Judge hits pause on request for L.A. to immediately put up $1 billion for homelessness
A federal judge overseeing a lawsuit over homelessness in Los Angeles says in a new court order that he will give the city 60 days to detail how its planned $1 billion in funding for homelessness will be spent.
Judge David O. Carter, in a preliminary injunction last week, ordered the city to put $1 billion in an escrow account , with the money to be used for homelessness. The ruling came the same day that Mayor Eric Garcetti unveiled a city budget proposal to spend nearly $1 billion on homelessness.
Carter’s order also required the city and county to offer housing or shelter to everyone on skid row by the middle of October.
The city and county both appealed the order and sought a stay of Carter’s demands.

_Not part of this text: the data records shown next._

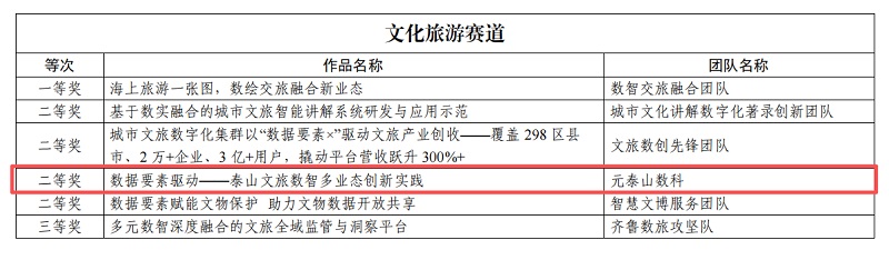 近日,由山東省大數(shù)據(jù)局、中共山東省委網(wǎng)絡(luò)安全和信息化委員會(huì)辦公室、共青團(tuán)山東省委等多部門聯(lián)合主辦的2025年“數(shù)據(jù)要素×”大賽山東分賽圓滿落幕。泰山文旅集團(tuán)子公司元泰山數(shù)字科技有限責(zé)任公司憑借“數(shù)據(jù)要素驅(qū)動(dòng)——泰山文旅數(shù)智多業(yè)態(tài)創(chuàng)新實(shí)踐”項(xiàng)目,從眾多參賽作品中脫穎而出,獲文化旅游賽道二等獎(jiǎng)。
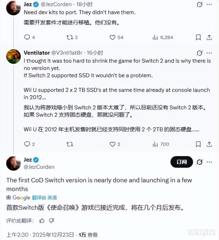 据微软业界知名东说念主士杰兹·科登流露,“Switch2版的《服务召唤》游戏已接近完成,将在昔时几个月内崇敬发布。”
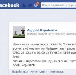 І далі Андрій Кудабеков повідомляє «Звонил и передавал смс: Ручко Евгений , оперполномоченный по особо важным делам УБОП, Чернигов».

Among other things, the city argued in its response that it didn’t have possession yet of the $1 billion, significant portions of which will come from the state and federal governments.
The city and county of L.A. may have a strong case as they seek to overturn a sweeping order requiring them to offer shelter to everyone on skid row.
Carter on Sunday agreed to stay his order targeting the money and instead gave the city 60 days to come up with a plan showing how the full $1 billion would be spent on homelessness. His action does not affect the appeals, which were filed with the U.S. 9th Circuit Court of Appeals.
The city’s plan must show funding sources, the number of individuals housed, completion dates for affordable housing projects and more. The plan must also detail how racial disparities in housing and homelessness will be addressed, according to Carter’s order.
Carter’s order last week to set aside $1 billion in funding blindsided city officials, who argued that the judge didn’t understand how municipal budgets worked and that they couldn’t simply write a check for the money.
At the same time, developers with projects under construction using city-directed funding from Proposition HHH, a bond measure passed by voters to pay for affordable housing, also expressed fear that the judge was raiding money intended for housing units. The judge’s order appeared to give priority to temporary shelter, whereas the city has allocated much of its spending on homelessness to permanent housing.
In his order Sunday, Carter wrote, “Rather than directing the city’s homelessness spending, the court’s order for escrow was intended to make certain that this promised money would in fact be set aside for homelessness.”
He added that his previous order “calls for both interim shelter and long term housing. Homeless Angelenos cannot be left to die while long term housing is in progress — no harm could be more grave or irreparable than the loss of life.”
Carter also agreed to hold off on calling for an immediate halt to all sales and leases of city property for housing projects that were not in progress as of last Tuesday. To clarify what “qualifies as projects in progress,” Carter agreed to stay that provision until a May 27 hearing in the case.
Carter, however, denied the request by the city and county for a stay on his order that housing or shelter be offered to everyone on skid row by the middle of October.
He said in his order Sunday that the “court notes that under the terms of the preliminary injunction, while the city is ordered to offer housing options on this timeline, skid row residents are not required to accept and may decline these offers.”
Carter is overseeing a case brought against the city and county by the L.A. Alliance for Human Rights, a group made up largely of downtown business owners and residents that sued the city and county last year, arguing that they had mismanaged the homelessness crisis, wasted public money and violated various laws, including those protecting people with disabilities.
Carter in his order Sunday invited Garcetti and County Supervisor Hilda Solis to meet with the court for settlement discussions.
He wrote that “the failure of settlement negotiations over the last few months has been a source of concern for the court.”
“The city and county continue to squabble over financial responsibility for addressing the homelessness crisis,” Carter said. “Monetary commitments alone do not fulfill the parties’ obligations to their constituents. As action and accountability continue to stagnate, the homeless population and number of deaths increase.”
A representative for City Atty. Mike Feuer declined to comment on the judge’s order.